SAIPAN, Northern MARIANA ISLANDS (November 16, 1998 - Marianas Variety)---To prevent the mass lay-off of its employees, the cash-strapped government may have to borrow money from international banks or even float bonds, according to the chair of the House Committee on Ways and Means.

Rep. Karl T. Reyes (R-Prec. 1, Saipan) told reporters Friday that the "across-the-board" budget cuts that will be applied on all government agencies -- with the probable exception of the Departments of Public Health, Public Safety and the Public School System -- could total at least 24 percent per agency.

Reyes was reacting to the administration's recent announcement that, due to the continuing decline in revenues, the $249 million budget for the current fiscal year will have to be slashed by $32.5 million.

House Speaker Diego T. Benavente (R-Prec. 2, Saipan), in a separate interview Friday, said he will urge House members to cooperate with the administration's austerity program and curtail off-island travel to "a bare minimum."

The speaker said he will ask members to delay any new purchases and control expenditures to a minimum.

"We're in real cash-flow crisis now and I think we have to find ways of managing with it," he said. But a new round of steep budget cuts may be too hefty to manage, according to Reyes.

"I don't think it's feasible for some agencies to sustain the reduction of almost a quarter of their budget," Reyes said. "The lawyers in the Attorney General's Office will probably run away. I don't know whether the Departments of Commerce and Lands and Natural Resources could cope."

He added, "We may have to ask (Gov. Pedro P. Tenorio) to seek outside financing."

Reyes said such U.S. cities as Sacramento and Pittsburgh have floated bonds for its financial needs.

Some bonds could be paid in 30 years, he said.

"There's nothing new with the concept."

Reyes said he may propose floating a $300 million bond, which could pay the government's unfunded liability of the same amount to the Retirement Fund (RF).

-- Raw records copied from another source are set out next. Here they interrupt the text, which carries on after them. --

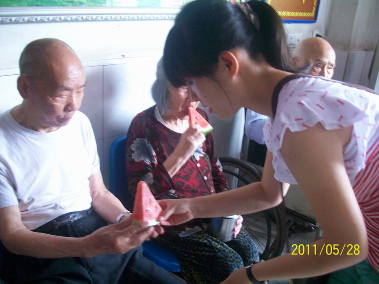 2011年5月28日早上9:00,公司青年志愿者队带上水果,甜点等来到康乐老年公寓看望公寓里的老人。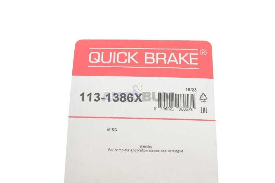 Ремкомплект гальмівного супорта VW Crafter 06-16, FIAT Ducato 06-14, Ducato 14-, MERCEDES-BENZ Sprinter 906 06-18, Vito W639 03-10, PEUGEOT Boxer 06-14, Boxer 14-, CITROEN Jumper 02-06, Jumper 06-14, IVECO Daily E4 06-11, Daily E3 99-06 QUICK BRAKE 113-1386X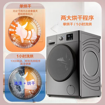 威力(WEILI)滚筒洗衣机10KG洗烘一体 超薄变频一级巴氏除菌洗送装一体XQG100-1016DPHX钛金灰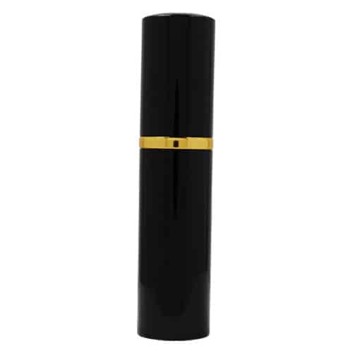 Pepper Shot 1.2% MC ½ oz lipstick pepper spray black. It’s designed for women. Pepper Shot Pepper Spray is made with 1.2% Major Capsaicinoids. The Major Capsaicinoids are the true heat measure and Pepper Shot 1.2% MC is more effective than of most other pepper sprays. In addition to causing an attacker pain, The Pepper Shot 8.5% oleoresin capsicum formula swells the mucous membranes, which makes breathing difficult, and swells the veins in the eyes, causing the eyes to close. It’s made from 2,000,000 SHU’s of raw pepper and these effects can last up to 45 minutes and cause no permanent damage. Has a UV identifying dye to help aid in the identification of an attacker. This lipstick model is designed for women. The attractive lipstick case is sure to deceive and ward off potential attackers. Pretend you need to freshen your lipstick and POW! This ½ oz canister contains 6-10 one-second sprays with a range of 6-8 feet and is available in 4 colors – Black, Pink, Red, and Silver – 4″ x ½”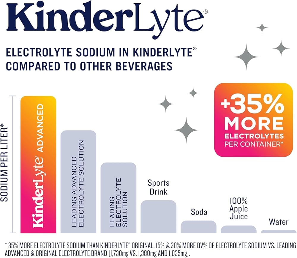 Medical grade hydration for the whole family! Kinderlyte works fast like an IV without the use of artificial sweeteners, colors, or flavors to deliver rapid hydration to people of any age. Whether for stomach virus, infant diarrhea, toddler vomiting, heat exhaustion, sports, recovery, or travel, Kinderlyte is the only natural solution for true electrolyte replacement. Our products never use fruit juice (which slows rehydration) or artificial ingredients like Sucralose, Acesulfame Potassium, Yellow 6, Blue 1 or Red 40. With kid approved flavors and superior hydration, your family can feel better faster with Kinderlyte!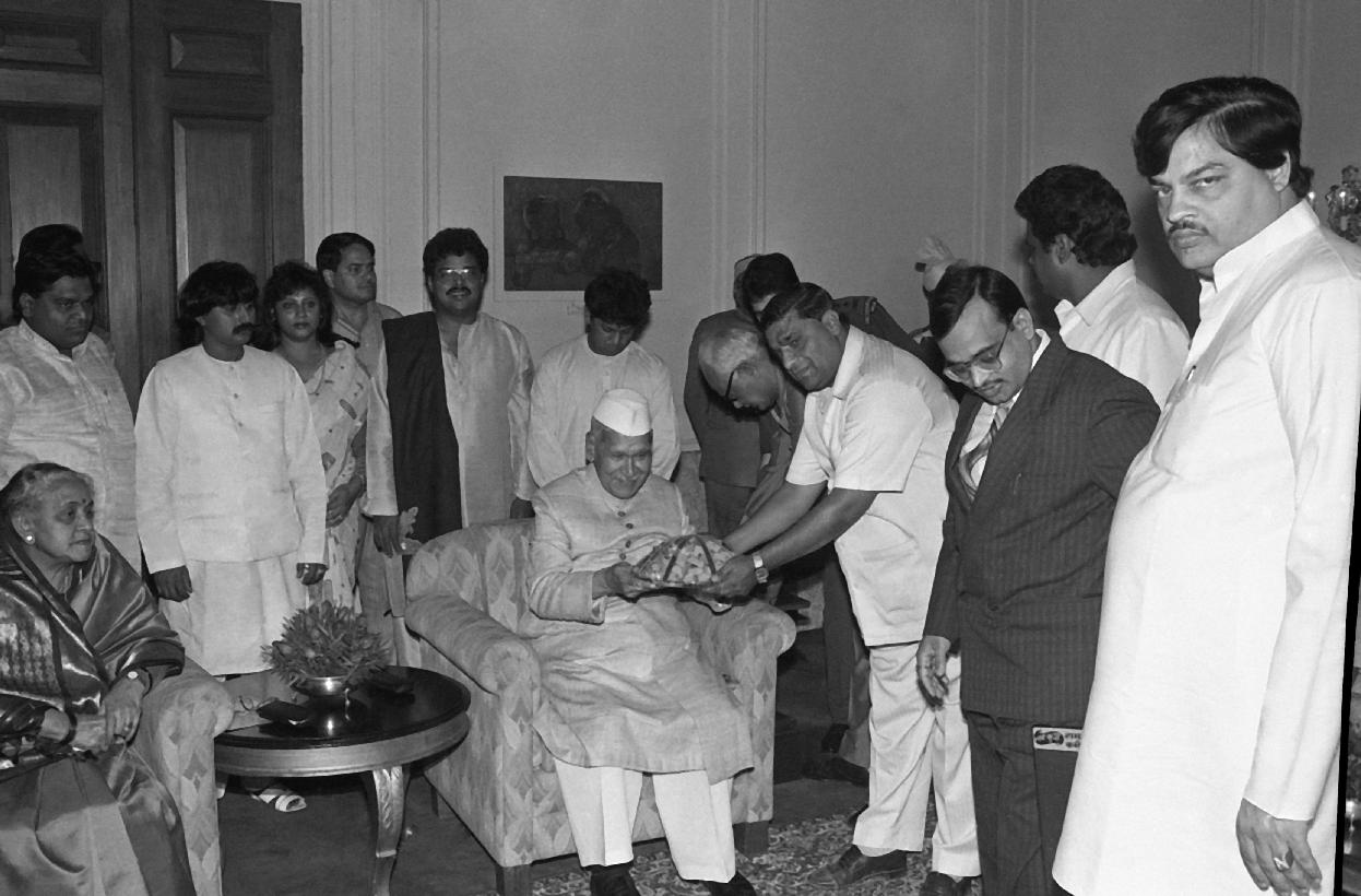 | Caption: | A Member delegation of Lav-Kush Ramlila Committee calling on the President of India, Dr. Shankar Dayal Sharma at Rashtrapati Bhavan in New Delhi on November 02, 1994. |
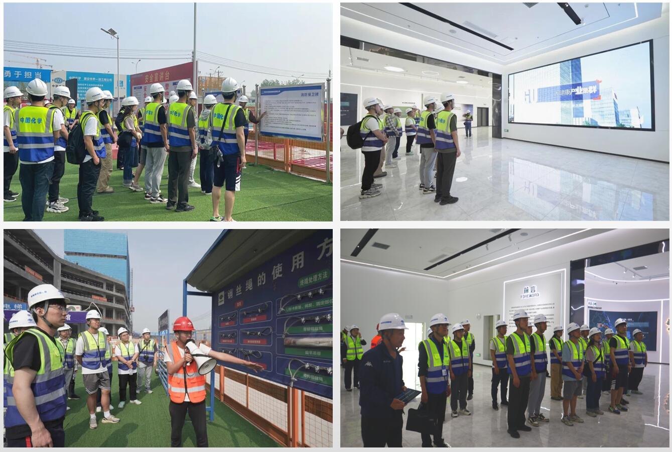 在项目工作人员讲解下,同学们通过现场观摩深入了解项目进展、文明施工、安全质量保障和企业文化等方面内容。随后,同学们走进园区,观摩了综合楼、道路、绿化等基础设施建设及长三角G60科创走廊招商展示厅。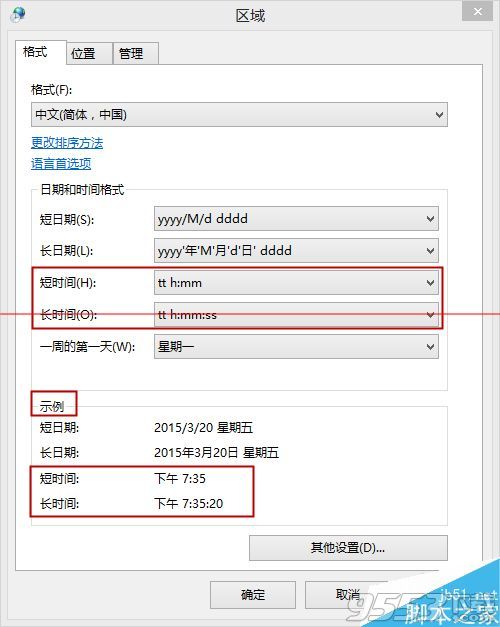 6、12小时制的就把,“短时间”栏的改为“tt h:mm ”,“长时间”栏的改为“tt h:mm:ss”

"Out of this total, RF could invest $200 million, and make available $100 million -- on top of $50 million from local banks -- as housing loans to RF members or to match federal CIP funds," Reyes said.

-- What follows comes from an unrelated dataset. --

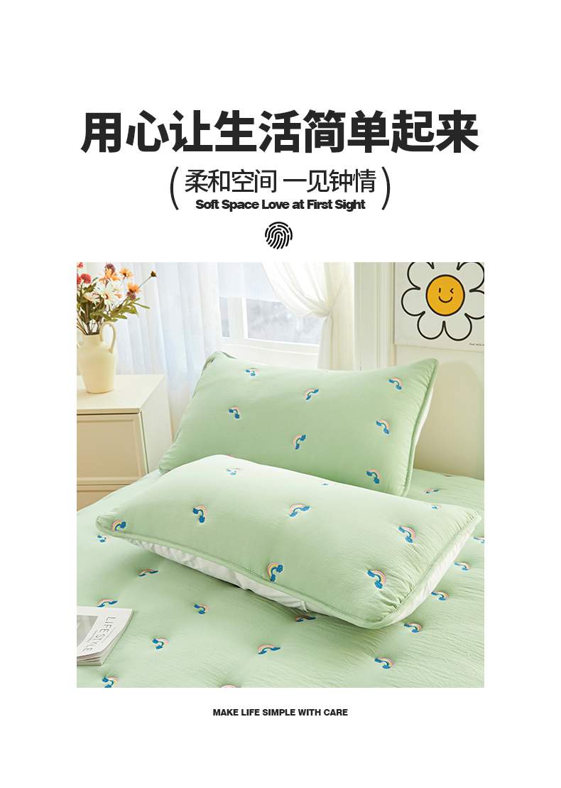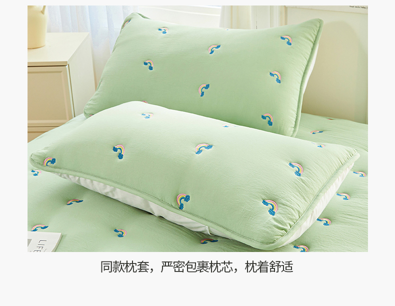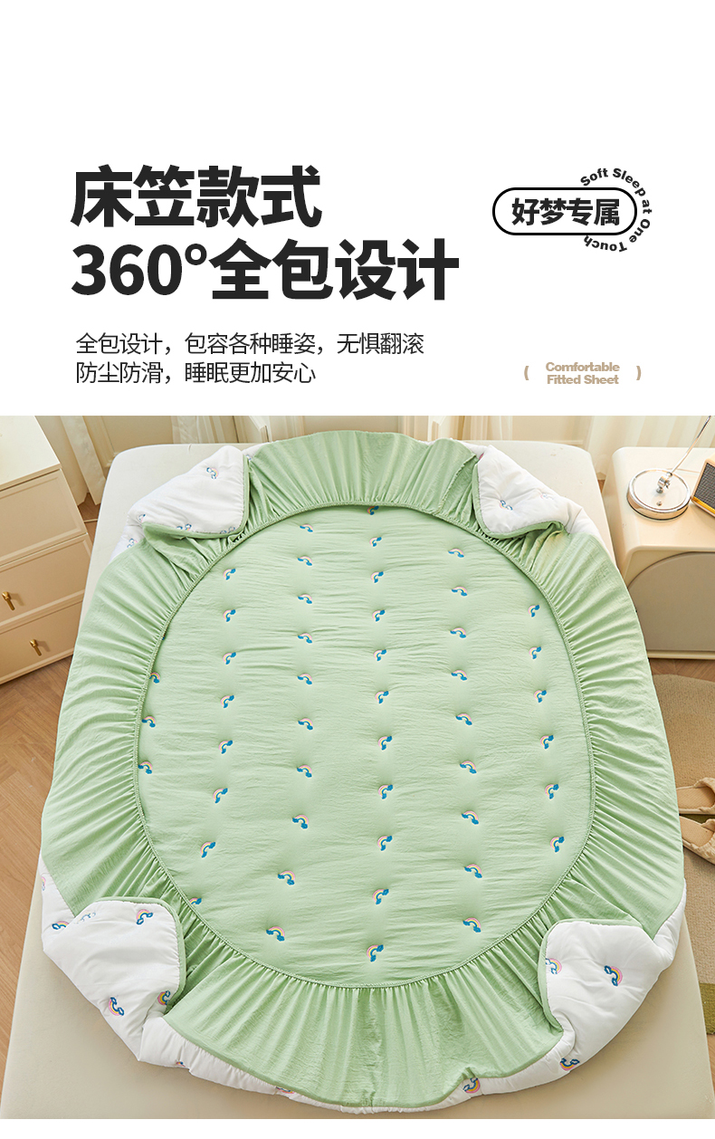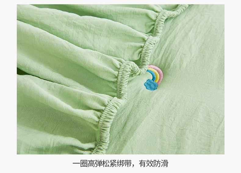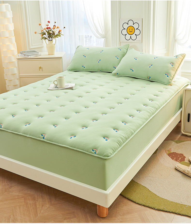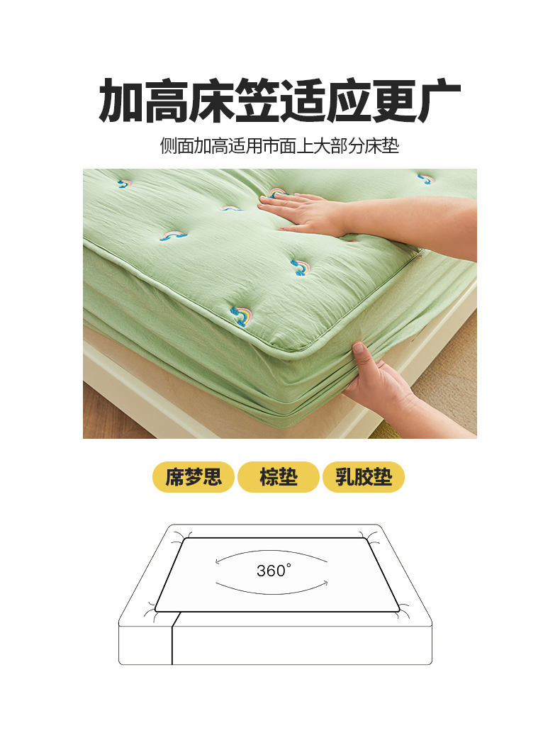 商品名称:迪梦思家纺 2024新款A类亲肤原棉刺绣床笠床垫保护套--彩虹系列 彩虹-豆绿

"Then there will be a lot of construction activities, and the multiplier effects will certainly result in an increase in revenues."

Reyes added, however, that his proposal should be carefully studied.

He said it's a "last resort" measure for a government facing the prospect of laying-off a significant number of its employees.

The CNMI government is the largest employer of locals.

"If we lay-off people the multiplier effect on the economy would be very bad," Reyes said. "It's better to borrow money."